Cette année, les archéologues ont étudié une partie de l’enceinte circulaire située à proximité. Elle était défendue par deux fossés successifs, d’une profondeur de deux mètres cinquante et, probablement, par une série de remparts en terre et de palissades. L’intérieur du site révèle une forte densité de vestiges, avec des traces de cabanes en bois, d’importants silos dont l’un, de six mètres cubes, a révélé des traces de céréales carbonisées. Leur analyse permettra de mieux connaître les habitudes alimentaires des occupants. En revanche, les fouilleurs n’ont guère retrouvé de céramiques, à l’exception d’un petit morceau de verre décoré, qui rappelle un objet contemporain découvert à Saint-Denis, en Ile-de-France. “L’absence de céramique, estime Joseph Le Gall, responsable de la fouille, est plutôt révélatrice des cultures britanniques du haut Moyen Âge, où la vaisselle était en bois ou en métal.” Dans la chapelle et sur le site, les archéologues ont également mis au jour quelques monnaies carolingiennes, datant de Charles Le Chauve et frappées à Melle, en Charentes.

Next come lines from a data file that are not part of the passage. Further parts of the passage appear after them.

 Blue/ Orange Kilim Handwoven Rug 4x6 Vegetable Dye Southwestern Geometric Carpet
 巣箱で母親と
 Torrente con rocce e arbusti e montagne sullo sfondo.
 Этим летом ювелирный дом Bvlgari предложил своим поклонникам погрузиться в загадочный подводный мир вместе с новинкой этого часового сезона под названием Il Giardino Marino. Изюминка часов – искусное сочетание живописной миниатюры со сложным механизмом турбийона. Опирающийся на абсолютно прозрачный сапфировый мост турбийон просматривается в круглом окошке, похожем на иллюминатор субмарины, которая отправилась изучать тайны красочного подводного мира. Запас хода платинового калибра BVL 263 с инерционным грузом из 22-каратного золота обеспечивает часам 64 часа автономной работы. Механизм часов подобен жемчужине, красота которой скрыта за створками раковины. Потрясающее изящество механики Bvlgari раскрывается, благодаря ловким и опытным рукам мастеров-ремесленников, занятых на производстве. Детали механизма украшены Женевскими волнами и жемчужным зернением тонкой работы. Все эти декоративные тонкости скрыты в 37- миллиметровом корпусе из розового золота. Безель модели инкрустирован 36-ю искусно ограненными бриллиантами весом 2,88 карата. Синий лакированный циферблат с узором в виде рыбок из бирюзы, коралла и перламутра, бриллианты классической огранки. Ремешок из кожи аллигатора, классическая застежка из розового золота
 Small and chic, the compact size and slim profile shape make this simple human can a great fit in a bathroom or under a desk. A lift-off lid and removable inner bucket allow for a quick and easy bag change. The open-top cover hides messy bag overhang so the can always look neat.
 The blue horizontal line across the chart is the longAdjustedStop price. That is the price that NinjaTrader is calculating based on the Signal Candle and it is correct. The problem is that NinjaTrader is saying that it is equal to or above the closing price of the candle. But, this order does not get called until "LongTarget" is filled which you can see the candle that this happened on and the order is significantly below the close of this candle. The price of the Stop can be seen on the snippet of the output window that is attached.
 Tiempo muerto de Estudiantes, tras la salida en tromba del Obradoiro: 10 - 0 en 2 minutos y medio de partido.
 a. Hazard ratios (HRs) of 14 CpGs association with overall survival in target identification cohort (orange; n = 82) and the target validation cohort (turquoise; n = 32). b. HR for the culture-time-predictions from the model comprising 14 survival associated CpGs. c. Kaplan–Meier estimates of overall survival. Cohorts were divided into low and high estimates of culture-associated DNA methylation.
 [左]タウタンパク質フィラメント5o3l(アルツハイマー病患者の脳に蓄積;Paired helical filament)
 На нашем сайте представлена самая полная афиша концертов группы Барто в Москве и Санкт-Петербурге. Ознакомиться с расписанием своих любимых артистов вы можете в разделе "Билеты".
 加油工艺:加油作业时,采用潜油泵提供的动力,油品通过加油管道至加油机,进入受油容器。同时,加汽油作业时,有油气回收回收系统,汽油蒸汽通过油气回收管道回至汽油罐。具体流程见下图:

La fouille de l’enceinte a surtout révélé les fondations en pierre d’un important bâtiment, de deux cents mètres carrés au sol, l’un des plus importants découverts en Bretagne à ce jour pour le ixe siècle. Dans les années 1980 et 1990, Philippe Guiguon avait en partie fouillé une autre importante résidence carolingienne à Locronan. “Etudier un tel site est très rare, note Joseph Le Gall. Nous n’avons donc que peu d’éléments de comparaison, mais il paraît évident qu’il a été construit par un personnage important et puissant.” Les indices archéologiques restent bien faibles pour nous renseigner sur lui. Brécilien a en effet été construit dans une région, le Poher, à l’histoire troublée à cette époque : l’empereur Louis Le Pieux y a défait le chef breton Morvan Lez Breizh, avant de se rendre à Carhaix et à Landevennec pour s’assurer de la soumission des Bretons. C’est également de Cornouaille que serait originaire Nominoë, le chef breton qui a défait à l’empereur Charles Le Chauve. Qui était le seigneur de Brecilien ? Un noble breton, peut être l’un de ses mystérieux machtiern qu’évoquent les cartulaires de l’époque, où un fidèle du pouvoir franc, placé là pour tenter de reprendre cette Bretagne frondeuse qui échappait régulièrement à l’autorité carolingienne.